14. The method as claimed in claim 1, wherein the acquiring token information of a service device from a cloud device, comprises:

acquiring the token information of the service device from the cloud device, after a password authenticated session establishment (PASE) connection is established between the service device and the configuration device, an authentication process for the service device is performed successfully, and an operation process for operational certificate signing request (OpCSR) is performed successfully, and before network configuration for the service device is completed.

15. The method as claimed in claim 11, wherein the forwarding messages for CASE connection establishment message between the service device and the cloud device, comprises:

forwarding the messages for CASE connection establishment between the service device and the cloud device, after a password authenticated session establishment (PASE) connection is established between the service device and the configuration device, an authentication process for the service device is performed successfully, and an operation process for operational certificate signing request (OpCSR) is performed successfully, and before network configuration for the service device is completed.

16. A method for connection establishment, performed by a service device, comprising:

receiving token information of the service device sent by a configuration device, the token information being acquired by the configuration device from a cloud device; and

establishing a CASE connection with the cloud device based on the token information.

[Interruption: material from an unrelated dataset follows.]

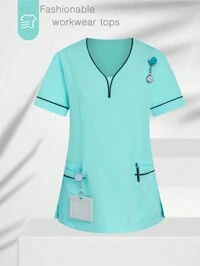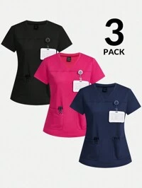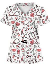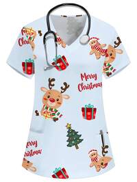 TaskEZ V-Ausschnitt figurbetonte Kasack-Uniformbluse, lässig und stilsicher für den täglichen Gebrauch, Kasack-Set, Krankenhauskleidung, Kasack-Oberbekleidung, Kasack-Hosen, Laborkittel, Laufkrankenschwester- und Uniform-Kasacks, handwaschbar, mit Taschen, atmungsaktiv PopScrub Weihnachts V-Ausschnitt Kurzarm Doppeltasche süßer Lebkuchenmann, Weihnachtsbaum, Weihnachtsgeschenk, Weihnachtsmütze, Stern, Lichterketten Cartoon Muster Krankenschwester/Arzt Arbeitsuniform Top/ Untersuchungs-Chirurgie-Uniform/einfarbiges Hundefriseur Arbeitsuniform Top/Ernährungsberater Arbeitsuniform Kurzarm/Laboruniform, Multifunktionale Arbeitsbekleidung, Funktionale Weihnachtskleidung für Frauen, Weihnachtstops, Weihnachtsdekoration, Niedlich, Fröhlich #10 Bestseller

17. The method as claimed in claim 16, wherein the token information comprises a device token of the service device.

18. The method as claimed in claim 17, wherein the token information comprises at least one of:

a refresh token, configured to refresh the device token, and

an address of the cloud device.

19. The method as claimed in claim 16, wherein the service device comprises a model information cluster, and the model information cluster is configured to store information related to a cloud operation.

20. An Internet of Things (IoT) device, realized as a configuration device, comprising a processor, a memory, and a transceiver;

wherein the transceiver is configured to acquire token information of a service device from a cloud device, after a connection is established with the service device; and

wherein the transceiver is further configured to send the token information to the service device, the token information being configured for establishing a CASE connection between the service device and the cloud device.